From Psychic News, 1967 |
This
began life as a note written in 2011 in response to a general request for
articles on interesting psychical research/parapsychological finds in bookshops,
to be included in a magazine series.
I’ve made one or two such finds, but not any I want to share, so I
thought I would contribute something general.
I chose the anecdote by Eric Dingwall which opens his article ‘The Work
of Edmund Gurney’ in Tomorrow
magazine, Vol. 3, No. 2, Winter 1955, pp.23-29. In the end the magazine did not run the series,
and I’ve expanded what I sent to them. Here
is Dingwall’s account:
‘Walking one day in the
streets of an ancient British city, I stopped, as is invariably my custom,
before a bookstall in the street. Amid
a medley of books, all of which were priced at sixpence each, my eye soon lighted
upon two blue volumes lettered Tertium
Quid by Edmund Gurney. Seizing them,
I paid my shilling, and blessed my good luck, for I knew that this work was one
of the rarest of Gurney’s books and I had never up to that time succeeded in
obtaining a copy.
‘It was only on opening
the first volume and reading an inscription that I fully realized my good
fortune. For the book had been a present
to Miss Alice Johnson from Mrs E. M. Sidgwick, names so well known in psychical
research that no comment is necessary.
It was clear that Mrs. Sidgwick thought that a copy of Gurney’s most
interesting work would please her loyal colleague, and the pleasure of the
latter doubtless equalled mine at being the possessor of such rare and valuable
volumes.’
Edmund Gurney |
Why
was he so pleased with the purchase which had cost him such a modest outlay? Gurney was a significant figure in the early
history of the Society for Psychical Research (SPR), until his untimely death
at the age of 41 in 1888. His Tertium Quid: Chapters on Various Disputed
Questions, published in 1887, was a revised collection of essays on
philosophy and aesthetics that had previously appeared in magazines. It was praised by William James, given a
rather less effusive review by George Bernard Shaw, was not much noticed otherwise,
and effectively died with its author. Eleanor
Sidgwick was also a highly significant figure in the early SPR as researcher
and administrator, in addition to being a noted educationalist, eventually
becoming Principal of Newnham College, Cambridge. Johnson too had been extremely active in the SPR
during its early years, working closely with Sidgwick, for a period as her
private secretary. Dingwall was a
well-known authority on psychical research, among a variety of subjects.
Eleanor Sidgwick |
Stumbling
over the volumes was good fortune indeed for Dingwall, and we can envy him all
the more because such lucky finds are rarer these days (though you can read Tertium Quid online). Part of his pleasure was surely having paid
so little for something exceptional. He
does not stop to consider how Johnson’s copy ended up on a stall in the street among
a miscellaneous lot priced at 6d each.
Sidgwick died in 1936, so the volumes were given by her before that date. Johnson retired on grounds of ill health in
1916 (the same year Sidgwick left Cambridge to live with her brother Gerald
near Woking) and died at the age of 79 in 1940.

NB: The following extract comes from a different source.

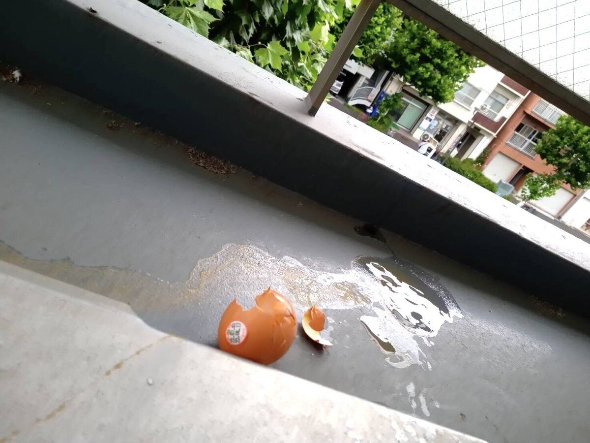 ツイッターを更新。自宅のエントランスらしき場所に生卵が投げつけられた写真を公開し、

It is possible that Sidgwick presented them to Johnson as a leaving gift
at her retirement, perhaps de-duplicating books she and Gerald both possessed,
and they were disposed of on Johnson’s death.
One can speculate how much Johnson really treasured Gurney’s dense prose,
and what else in her library was picked up in a job lot by a dealer for a song,
which is presumably what happened to those ‘rare and valuable volumes’ of Tertium Quid.
One
also wonders where they are now.
Presumably they were sold with the rest of Dingwall’s library at auction
in 1987, the year after his death. His
papers went to the Harry Price Library, part of the University of London
Library, but Tertium Quid was not
with them, and ULL does not have a copy.
One hopes that, wherever those volumes which passed through the hands of
three such eminent psychical researchers are, they are being cherished as much
as they were by Dingwall. His story of
how he came across them was important enough to him to warrant beginning his
article on Gurney with it (if a little self-indulgently), and it captures the
excitement of the bibliophile when acquiring something really special.